3.4.2.In respect of software used in ‘the System’, the outline architecture shall be explained and the design methods and tools used shall be identified. The manufacturer shall be prepared, if required, to show evidence of the means by which the realisation of the system logic has been determined during the design and development process.U.K.

3.4.3.The manufacturer shall provide the technical authorities with an explanation of the design provisions built into ‘the System’ so as to generate safe operation under fault conditions. Possible design provisions for failure in ‘the System’ are for example:U.K.

(a)

fall-back to operation using a partial system;

(b)

change-over to a separate back-up system;

(c)

removal of the high level function.

In case of a failure, the driver shall be warned for example by warning signal or message display.

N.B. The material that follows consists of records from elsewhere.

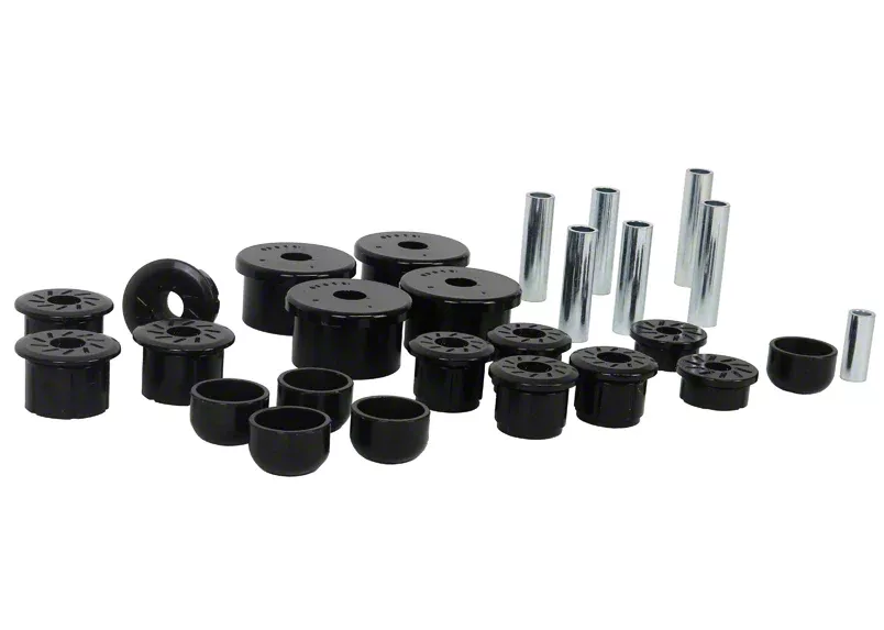 Complete Suspension Refresh. The Nolathane Vehicle Master Bushing Kit is a comprehensive solution designed to restore and upgrade your 1984 to 2001 Jeep Cherokee XJ's suspension. This all-in-one kit replaces worn-out rubber bushings with high-performance polyurethane components to dramatically improve ride quality, steering precision, and suspension durability.
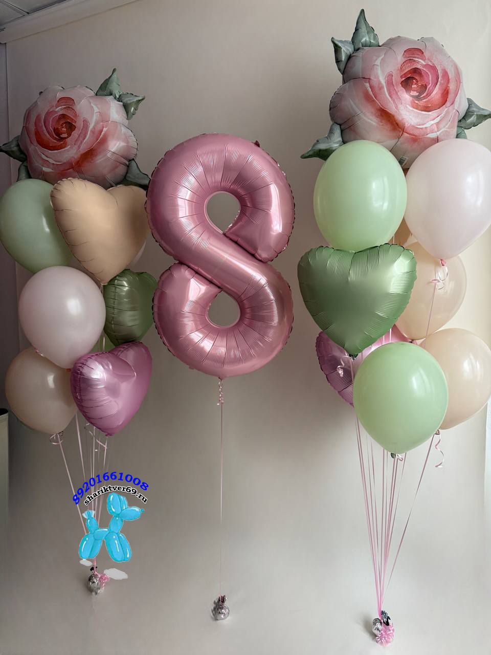 В набор входят фольгированная цифра 8, шары в форме сердец и латексные гелиевые шары, собранные в гармоничную композицию. Такое оформление красиво смотрится в интерьере, подходит для фотозоны и станет эффектным дополнением к цветам или подарку.
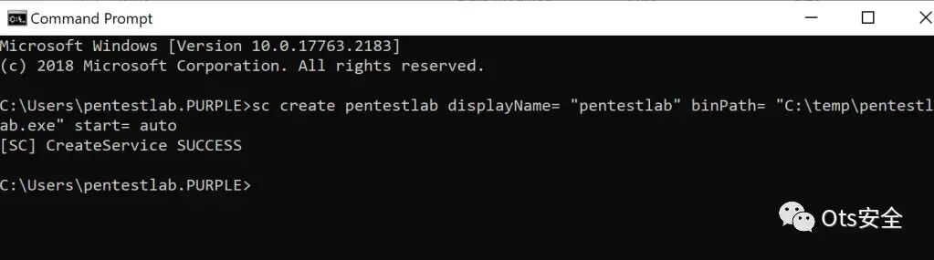 服务配置实用程序可用于创建新服务。“ binPath ”参数可以存储服务启动后将执行的任意有效负载。需要注意的是,由于服务控制管理器的权限发生了变化,非提升用户也可以在windows环境上创建新的服务。如果蓝队删除了恶意服务,权限仍将保留,允许标准用户继续创建新服务以保持持久性。
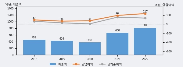 최근 실적을 살펴보면 2022년 매출액이 최근 5년 중 가장 높은 실적을 기록했음을 알 수 있다. 이전 최고 실적이었던 2021년 보다도 21.8%(143억 9천만원) 늘어난 것으로 나타났다.
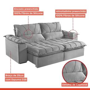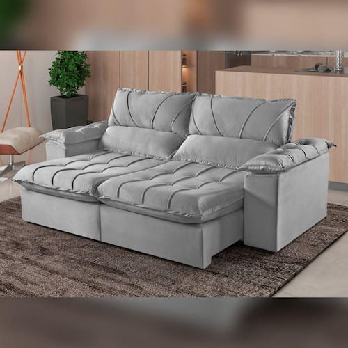 Escolher um bom sofá faz toda a diferença na sala de estar, não é? Para deixar seu ambiente receptivo e bem decorado, aposte no modelo M178! Ele conta com assento retrátil e encosto reclinável, que são ótimos na hora de esticar as pernas e curtir um filminho, tirar uma soneca depois do almoço ou simplesmente relaxar após um dia atarefado. E, para proporcionar mais aconchego aos seus momentos de lazer, é revestido em Veludo, tecido que confere maciez ao toque. Tudo isso composto em um visual clássico que destaca a coloração sóbria e torna o móvel fácil de harmonizar com os outros itens do cômodo. Daí, é só juntar todo mundo e curtir seu lar-style acolhedor ;) Acompanha Almofadas extras: Não Almofada do assento: Fixa Almofada do encosto: Fixa Altura do assento até o chão: 64 Altura do Encosto: 37 Altura dos Pés: 2.5 Ambiente Principal: Sala de Estar Complexidade da Montagem: Baixa: pode ser montado por uma pessoa sozinha Cor: Cinza Cor do Produto: Cinza Densidade do Assento: D-28 Densidade do Encosto: D-18 Enchimento do Assento: Espuma Enchimento do Encosto: Fibra Siliconada Estilo de Braço: Braços Pillow Top Firmeza do Assento: Firme Informações Complementares: Densidade De 28 Soft Itens Inclusos: 1 Sofá Material dos Pés: Madeira Necessita Montagem: Sim Origem do Produto: Nacional Peso: 119.5 Pet Friendly: Não Possui Percintas Elásticas: Sim Possui Pés: 04 Possui Rodízio: Sim Profundidade Quando Estendido: 160 Recomendações de Uso, Manutenção e Limpeza: Limpar com pano limpo e seco ou levemente umidecido em água. Limpeza também poderá ser realizada com aspirador de pó. Não utilizar produtos químicos. Revestimento do Braço: Veludo Rodízio com Trava: Não Sistema de Montagem: Encaixe Suporta Até (kg): 120 Tecido Predominante: Veludo Tipo de Encosto: Regulável Tipo de Mola: Molas Ensacadas (Molas ensacadas) Marca: Estofados Martins Ean: 7909903331545
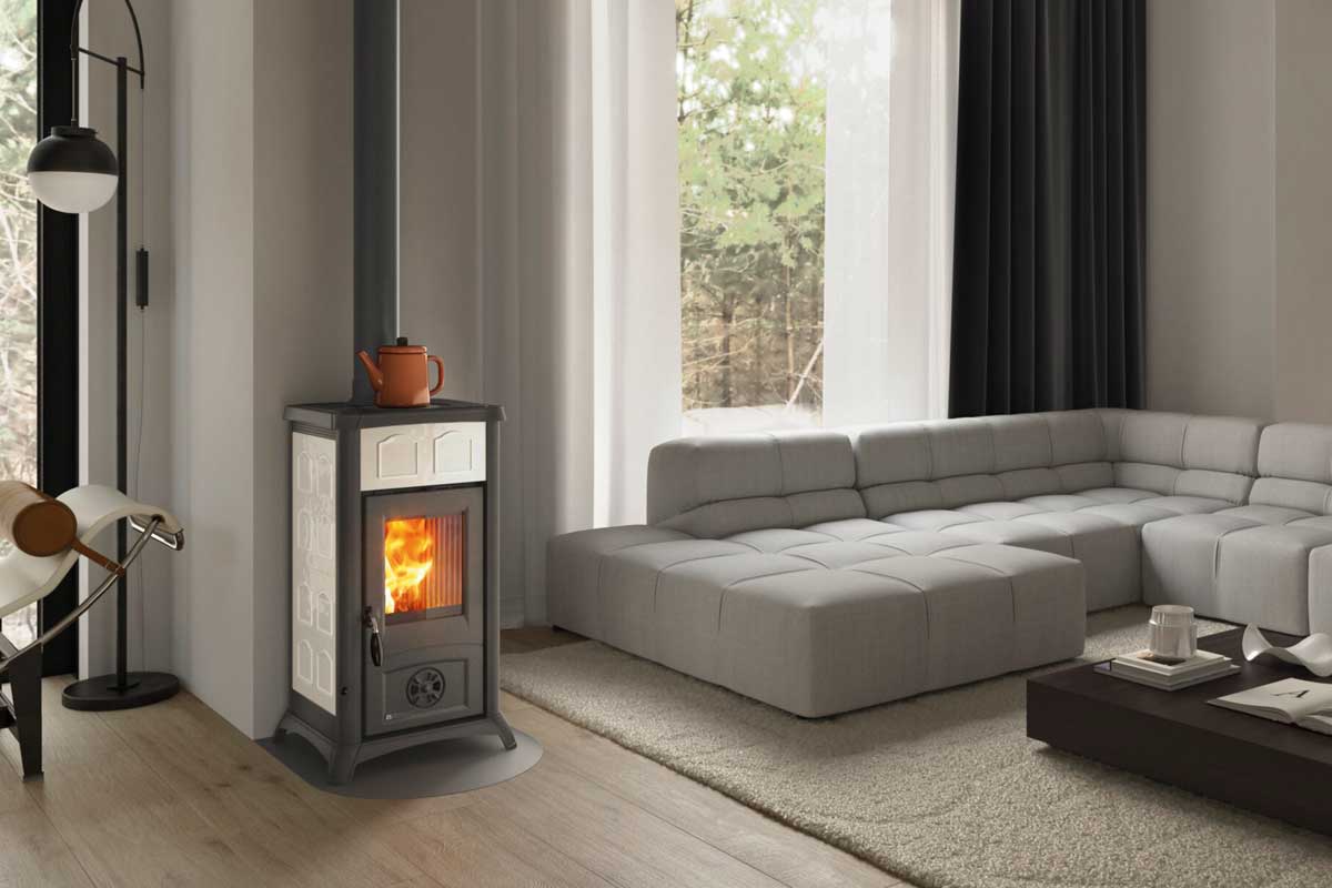 Der Gemma ist ein zeitloser, eleganter Kaminofen mit niedrigen Emissionen – ideal für umweltbewusstes Heizen. Seine Tür aus Gusseisen verformt sich im Laufe der Zeit nicht und garantiert eine konstante Abdichtung. Die Verkleidung besteht aus hochwertigen Keramikfliesen.

When the system is not deactivated by the driver, e.g. by turning the ignition (run) switch to ‘off’, or by switching off that particular function if a special switch is provided for that purpose, the warning shall be present as long as the fault condition persists.

3.4.3.1.If the chosen provision selects a partial performance mode of operation under certain fault conditions, then those conditions shall be stated and the resulting limits of effectiveness defined.U.K.

3.4.3.2.If the chosen provision selects a second (back-up) means to realise the vehicle control system objective, the principles of the change-over mechanism, the logic and level of redundancy and any built in back-up checking features shall be explained and the resulting limits of back-up effectiveness defined.U.K.

3.4.3.3.If the chosen provision selects the removal of the higher level function, all the corresponding output control signals associated with this function shall be inhibited, and in such a manner as to limit the transition disturbance.U.K.

3.4.4.The documentation shall be supported, by an analysis which shows, in overall terms, how the system will behave on the occurrence of any one of those specified faults which will have a bearing on vehicle control performance or safety.U.K.

This may be based on a Failure Mode and Effect Analysis (FMEA), a Fault Tree Analysis (FTA) or any similar process appropriate to system safety considerations.

The chosen analytical approach(es) shall be established and maintained by the manufacturer and shall be made open for inspection by the technical service at the time of the type-approval.

3.4.4.1.This documentation shall itemise the parameters being monitored and shall set out, for each fault condition of the type referred to in point 3.4.4, the warning signal to be given to the driver and/or to service/technical inspection personnel.U.K.